In an earlier post (Use Lie Sub-Groups of GL(3, R) for elastic deformation ? here), I mentioned polar decompositions as in F = RU where R in SO(3) & U in symmetric positive-semidefinite matrices. In response, I received the following comment: "The decompositions you mention are well-known in the theory of Lie groups, e.g., F=RU is called Iwasawa decomposition."
I have been trying to understand how a polar decomposition & Iwasawa decomposition are related. I have found the following definitions of both.
Iwasawa: G=KAN for G in GL(n, R) where K = orthogonal matrices (rot'ns ?), A = positive diag. matrices & N = upper triag. matrices with diag. entries = 1.
Polar: G=KAK where G = semi-simple Lie group, K = maximal compact subgroup of G, A = abelian subgroup of G. For GL(n, R), I think K in SO(n) but unsure about A. The only abelian subgroup of GL(n, R) appears to be the set of all nonzero scalar matrices (i.e. scalar multiples of identity matrix). I'm also puzzled by G=KAK having 3 terms but F=RU only 2.
Given all of this, I'm still unsure how these two decompositions are related.
Best Answer
You can obtain the $G=KAK$ decomposition from a decomposition of the type $F=UR$. To avoid unnecessary complications, let's assume that our reductive group $G$ is a selfadjoint subgroup of $\operatorname{GL}(n,\mathbb{R})$. Then the map $g \mapsto g^{-t}$ is an involution of $G$, which is called the Cartan involution and is typically denoted by $\theta$. The first observation to make is that the fixed-point set $K = \{ g \in G \colon \theta(g)=g \}$ of $\theta$ is a maximal compact subgroup of $G$. For example, if $G=\operatorname{GL}(n,\mathbb{R})$, then $K=\operatorname{O}(n)$.
Next we observe that $\theta$ induces an involution (also denoted by $\theta$) at the Lie algebra level: explicitly, this is the map $X \mapsto -X^t$. If $\mathfrak{p}$ denotes the $-1$-eigenspace of this latter involution, then one has the following result.
In particular, every $g \in G$ can be expressed as $k e^X$ for some $k \in K$ and $X \in \mathfrak{p}$. This decomposition is known as the Cartan decomposition; it is a generalization of the polar decomposition to $G$ (and is, I presume, the $F=UR$ decomposition stated in the OP). Indeed, if $G = \operatorname{GL}(n,\mathbb{R})$, then $\mathfrak{p}$ is just the set of symmetric matrices, and thus the set $\exp \mathfrak{p}$ consists of symmetric, positive semidefinite matrices.
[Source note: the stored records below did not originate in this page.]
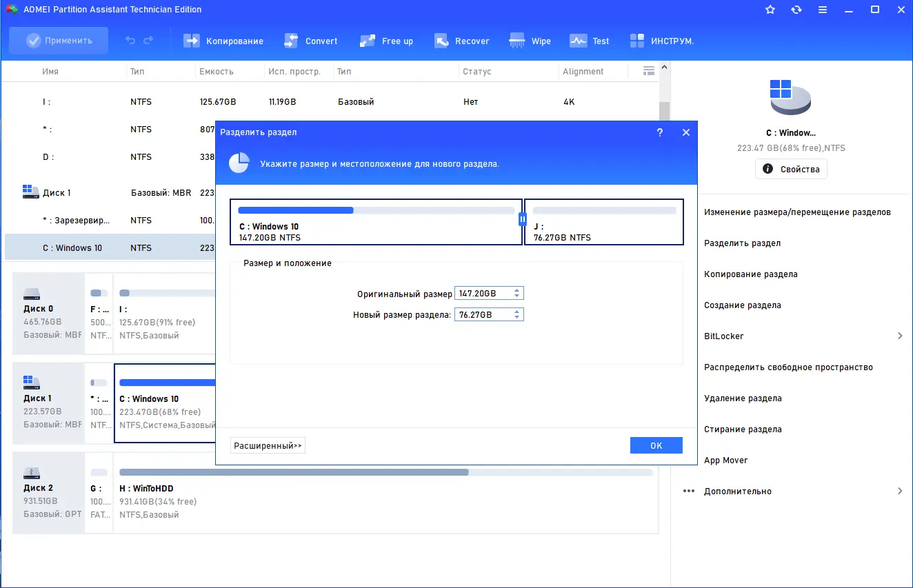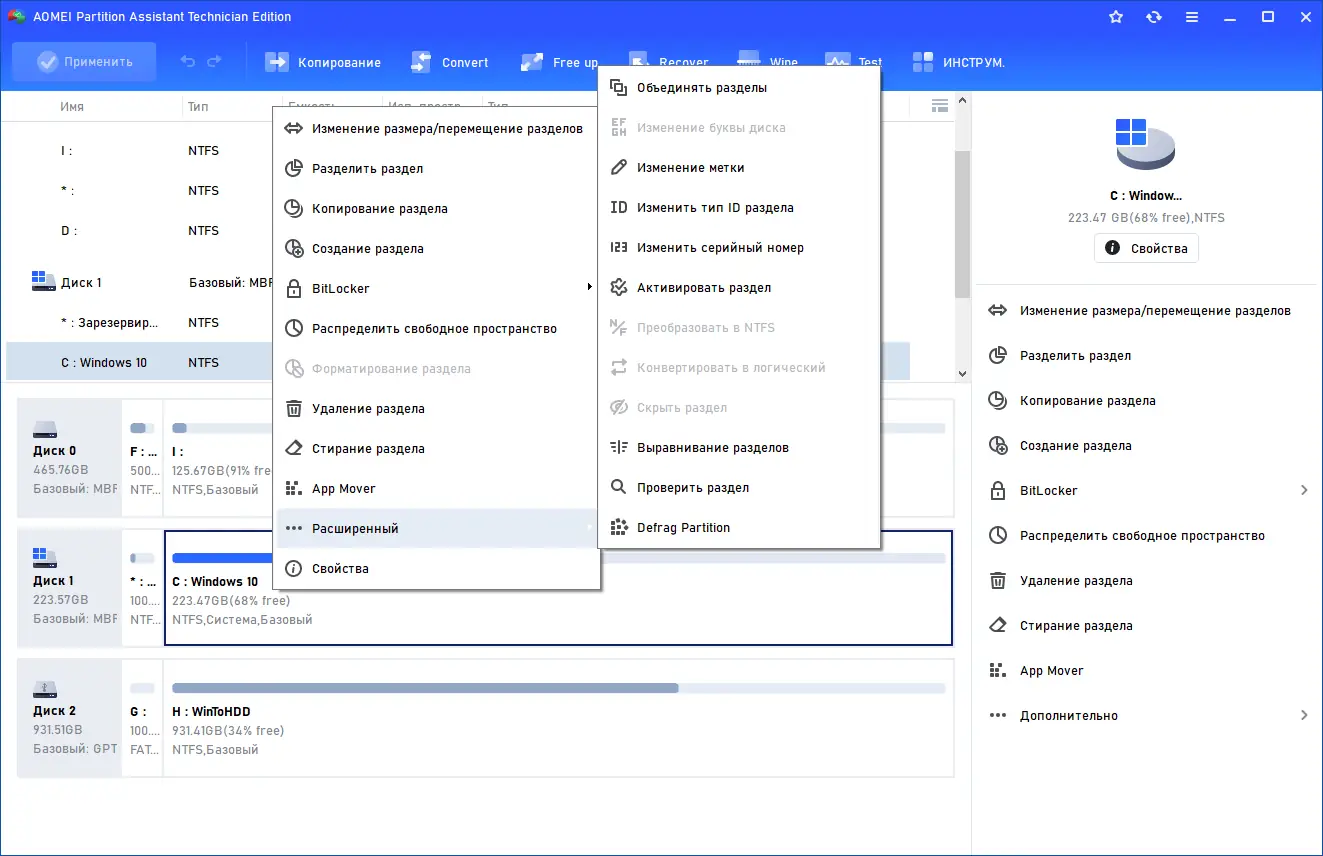 Использование AOMEI Partition Assistant не требует глубоких технических знаний. После запуска приложения отображается графическое представление всех подключённых дисков и их разделов. Пользователь может визуально изменять размеры разделов, перетаскивая границы, или вызывать контекстное меню для выполнения операций, таких как форматирование, копирование или удаление. Перед применением изменений программа предоставляет предварительный просмотр, что исключает случайные ошибки. Все действия выполняются в безопасном режиме, а критические операции могут быть запланированы на следующую перезагрузку.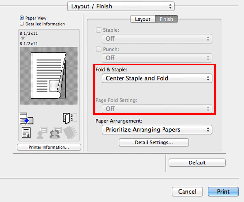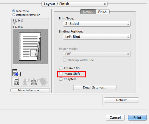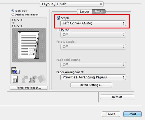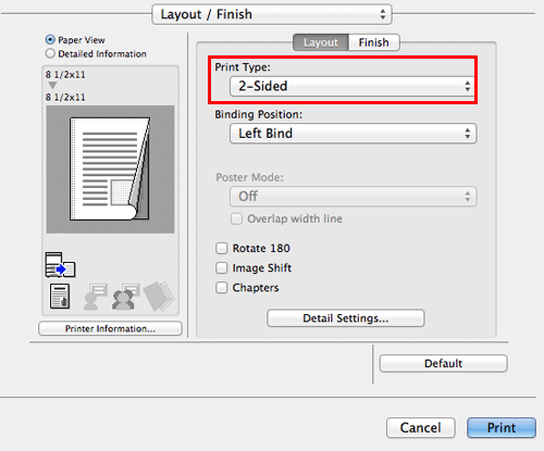 In [Print Type:] in [Layout / Finish], select [2-Sided]. [2-Sided] is specified by default.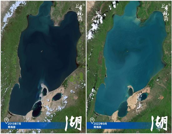 ↑2022年跟2015年相比,从卫星图上下部分看青海湖水体面积扩大。
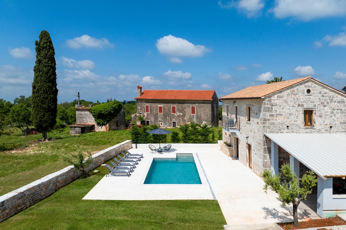 Elegantna vila u blizini Rovinja sa bazenom vrednim fotografisanja, hidromasažnom kadom i saunom. Probudite se uz bujne, panoramske poglede na dolinu. Pogodno za parove i porodice, kratka vožnja do avanturističkog parka, Nacionalnog parka Brioni, dinoparka, srednjovekovnih gradova i lokalne kuhinje. To je pravi zeleni odmor za svakoga ko želi da se vrati prirodi sa svom udobnošću modernog života. Potpuno opremljen za kuvanje i zabavu na 2600 m2 bašte (fudbal, brza lopta, badminton i zabava u bazenu) za uživanje vaše djece i najmilijih.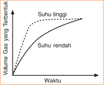 Suhu, semakin tinggi suhu semakin cepat reaksi terjadi karena energi kinetiknya bertambah melebihi energi aktivasi .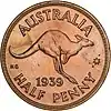 Kangaroo facing right, "AUSTRALIA" above and "HALF PENNY" below, date above denomination. Designed by George Kruger Gray. | 1939 | 1939–1952 | ||||||||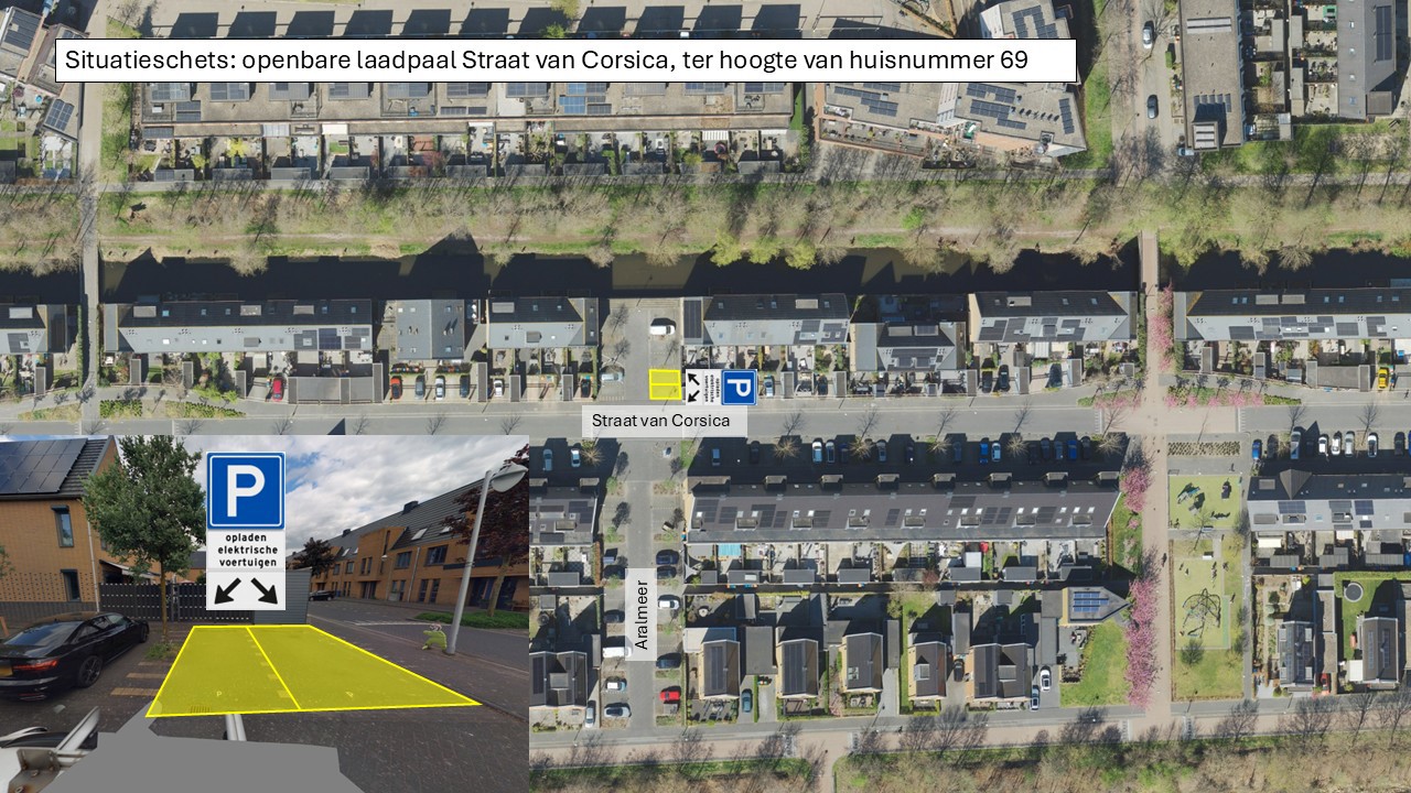 om op Straat van Corsica ter hoogte van huisnummer 69 twee parkeervakken gelegen bij het oplaadpunt voor elektrische voertuigen aan te wijzen als parkeerplaats voor het opladen van elektrische voertuigen, volgens de bijlage bij dit besluit;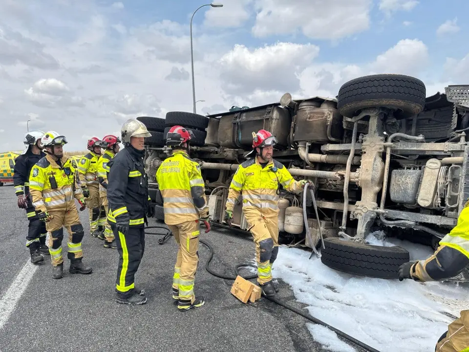 El vehículo, un camión de carga con pluma, ha volcado parcialmente, lo que ha provocado que el conductor quedara atrapado en el interior. Hasta el lugar se han desplazado los Bomberos de la Comunidad de Madrid, el SUMMA y agentes de la Guardia Civil.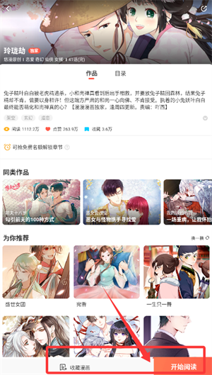 2、確定漫畫后進(jìn)入詳情頁,查看作品介紹與推薦內(nèi)容,點擊閱讀入口。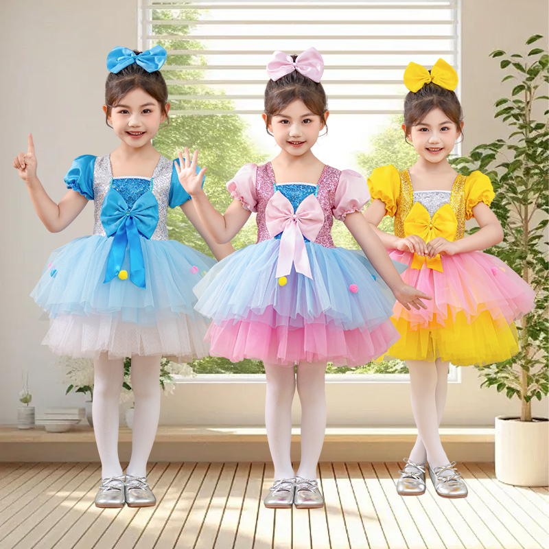 儿童芭蕾舞裙女童蓬蓬纱裙表演服蝴蝶结亮片可爱合唱公主裙演出服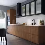 Для единообразия выберите накладную панель с такой же отделкой, что и кухонные фасады.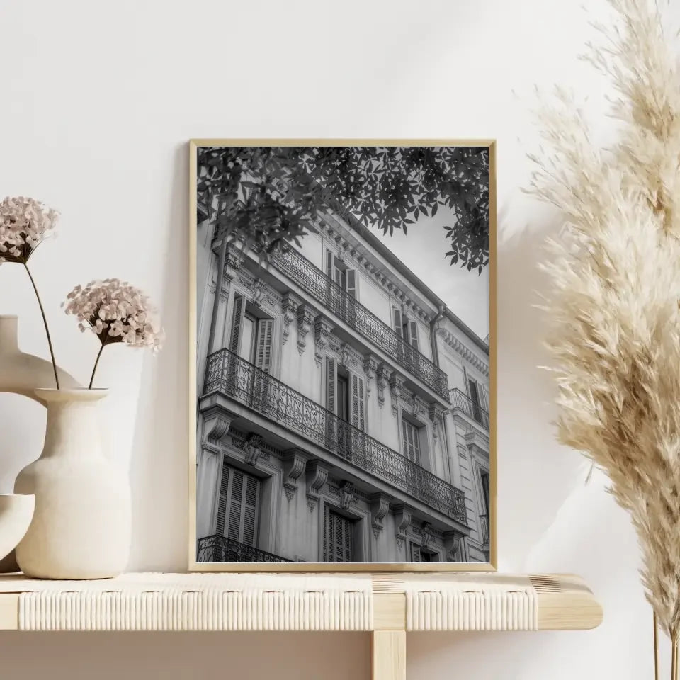 Die zahlreichen Fenster mit Fensterläden erzählen Geschichten von Leben und Geschichte, während die hängenden Blätter eines Baumes darauf hindeuten, dass dieses beeindruckende Poster in einer warmen Jahreszeit aufgenommen wurde. Mit diesem Kunstwerk bringst du nicht nur einen stilvollen Akzent in dein Wohnzimmer oder Büro, sondern auch eine zeitlose Anspielung auf die faszinierende Architektur Europas.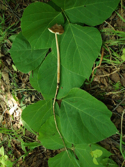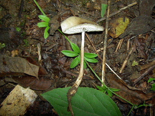 小型~中型菌「杖茸」柄が細く長く、さらに地中にも根のように伸びることからの命名。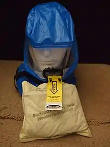 They are included in preparedness kits, after the September 11 attacks.[6][7] Preparedness lists, such as those presented by Ready.Gov, often recommend smoke hoods, although some lists use alternate names such as "fume hoods," "respirator hoods," or "self-rescue hoods." As most modern construction contains materials that produce toxic smoke or fumes when burned, smoke hoods can allow people to make a safe escape from buildings when it might not otherwise be possible.

Now let $\mathfrak{a}$ denote a maximal abelian subspace of $\mathfrak{p}$. Then it can be shown that $A = \exp \mathfrak{a}$ is a closed abelian subgroup of $G$ with Lie algebra $\mathfrak{a}$. It can also be shown that $\mathfrak{a}$ is unique up to conjugacy via an element of $K$. That is to say, if $\mathfrak{a}'$ is another maximal abelian subspace of $\mathfrak{p}$, then there is a $k \in K$ such that $\text{Ad}(k) \mathfrak{a} = \mathfrak{a}'$. With this information we can obtain the decomposition $G=KAK$: given $g \in G$, one observes that $p=gg^t \in \exp \mathfrak{p}$, say $p=e^X$. Thus there is a $k \in K$ such that $\text{Ad}(k)X \in \mathfrak{a}$, and then $e^{-\text{Ad}(k)X/2}kg \in K$ (because it is fixed by $\theta$), whence $g \in KAK$.
This hopefully alleviates your 3-terms-vs-2-terms issue.
I'm not aware of any relationship between the Iwasawa decomposition and the $KAK$ (polar) decomposition.